Print all the data that follows exactly, images excluded.
Start of EXCERPTED RECORDS
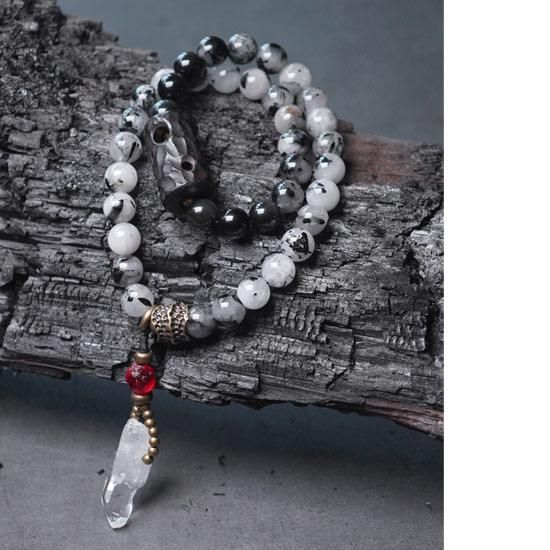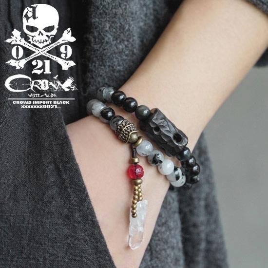 Alleglo×CROWS 黒クリスタル石&水晶石ブレスレット
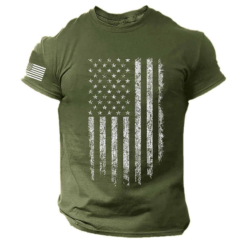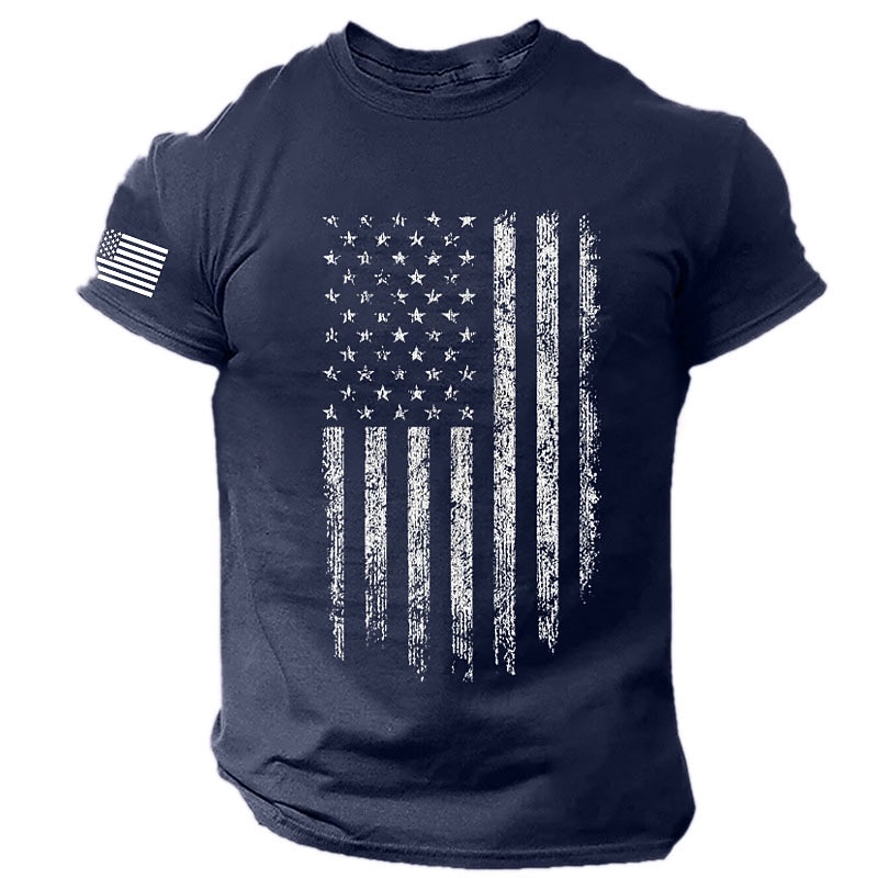Highlights [Fabric & Feel:] Crafted from 100% cotton, our Men's National Flag T-shirt offers a soft, breathable, and durable fabric, making it ideal for summer wear. The micro-elasticity of the material ensures a comfortable and flexible fit throughout the day. [Fit & Style:] This classic and casual T-shirt has a regular fit with a standard crew neck and short sleeves, providing a relaxed and laid-back silhouette perfect for daily wear, whether you're heading to a casual outing or running errands. [Design Highlights:] Featuring a bold print of the American flag with a vintage distressed effect, this T-shirt combines fashion with a touch of patriotism. The unique addition of a small American flag patch on the right sleeve elevates its style and appeal. [Versatile Occasions:] Designed for sports, outdoor activities, holidays, and more, this T-shirt is a versatile piece for various settings. Whether you're enjoying a day out in the sun or celebrating a national event, it's a stylish choice that conveys pride and comfort. [Size Availability:] Available in a wide range of sizes from S to XXL, this T-shirt caters to adults of all age groups. Its regular fit makes it suitable for a variety of body types, ensuring everyone can express their national pride with style and ease.
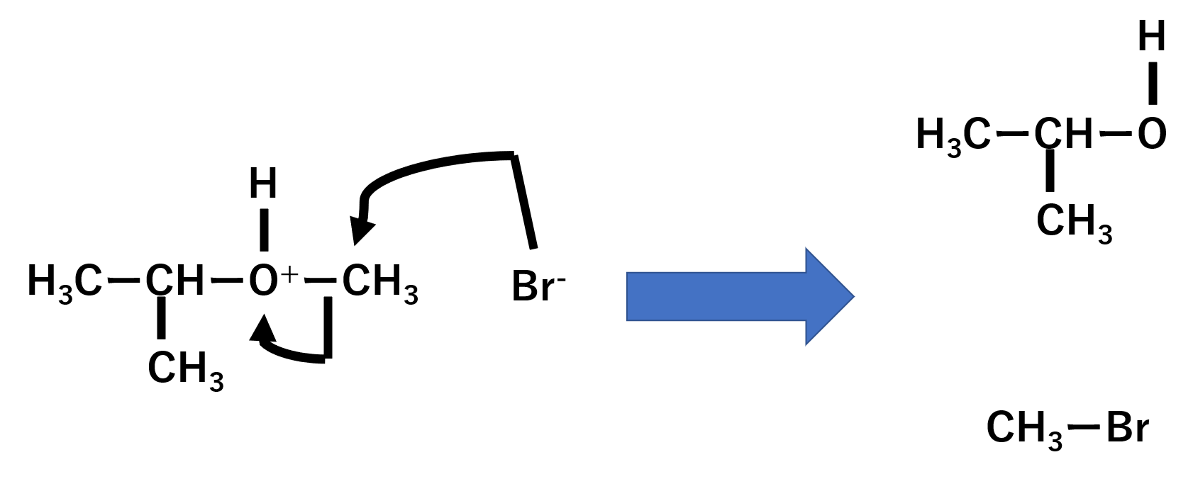 第一級エーテルや第二級エーテルは主にSN2反応で開裂が進みます。
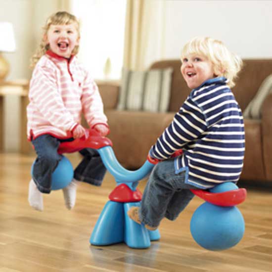 Pictured here is a kids' seesaw that can be played at home. This toy can provide a lot of fun to the players as it can perform bouncing and spinning. The seesaw is also fitted with two comfortable cushioned seats.
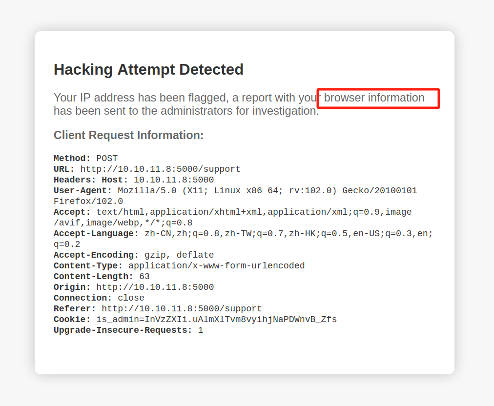 我们看一下被检测出攻击行为后的响应,会发现提示说我们的浏览器信息会被发送给administrator。所以尝试一下在user-agent字段尝试xss看能不能拿到admin的cookie登录
End of EXCERPTED RECORDS
-- SOLVED PROBLEM --
 Alleglo×CROWS 黒クリスタル石&水晶石ブレスレット
Highlights [Fabric & Feel:] Crafted from 100% cotton, our Men's National Flag T-shirt offers a soft, breathable, and durable fabric, making it ideal for summer wear. The micro-elasticity of the material ensures a comfortable and flexible fit throughout the day. [Fit & Style:] This classic and casual T-shirt has a regular fit with a standard crew neck and short sleeves, providing a relaxed and laid-back silhouette perfect for daily wear, whether you're heading to a casual outing or running errands. [Design Highlights:] Featuring a bold print of the American flag with a vintage distressed effect, this T-shirt combines fashion with a touch of patriotism. The unique addition of a small American flag patch on the right sleeve elevates its style and appeal. [Versatile Occasions:] Designed for sports, outdoor activities, holidays, and more, this T-shirt is a versatile piece for various settings. Whether you're enjoying a day out in the sun or celebrating a national event, it's a stylish choice that conveys pride and comfort. [Size Availability:] Available in a wide range of sizes from S to XXL, this T-shirt caters to adults of all age groups. Its regular fit makes it suitable for a variety of body types, ensuring everyone can express their national pride with style and ease.
 第一級エーテルや第二級エーテルは主にSN2反応で開裂が進みます。
 Pictured here is a kids' seesaw that can be played at home. This toy can provide a lot of fun to the players as it can perform bouncing and spinning. The seesaw is also fitted with two comfortable cushioned seats.
 我们看一下被检测出攻击行为后的响应,会发现提示说我们的浏览器信息会被发送给administrator。所以尝试一下在user-agent字段尝试xss看能不能拿到admin的cookie登录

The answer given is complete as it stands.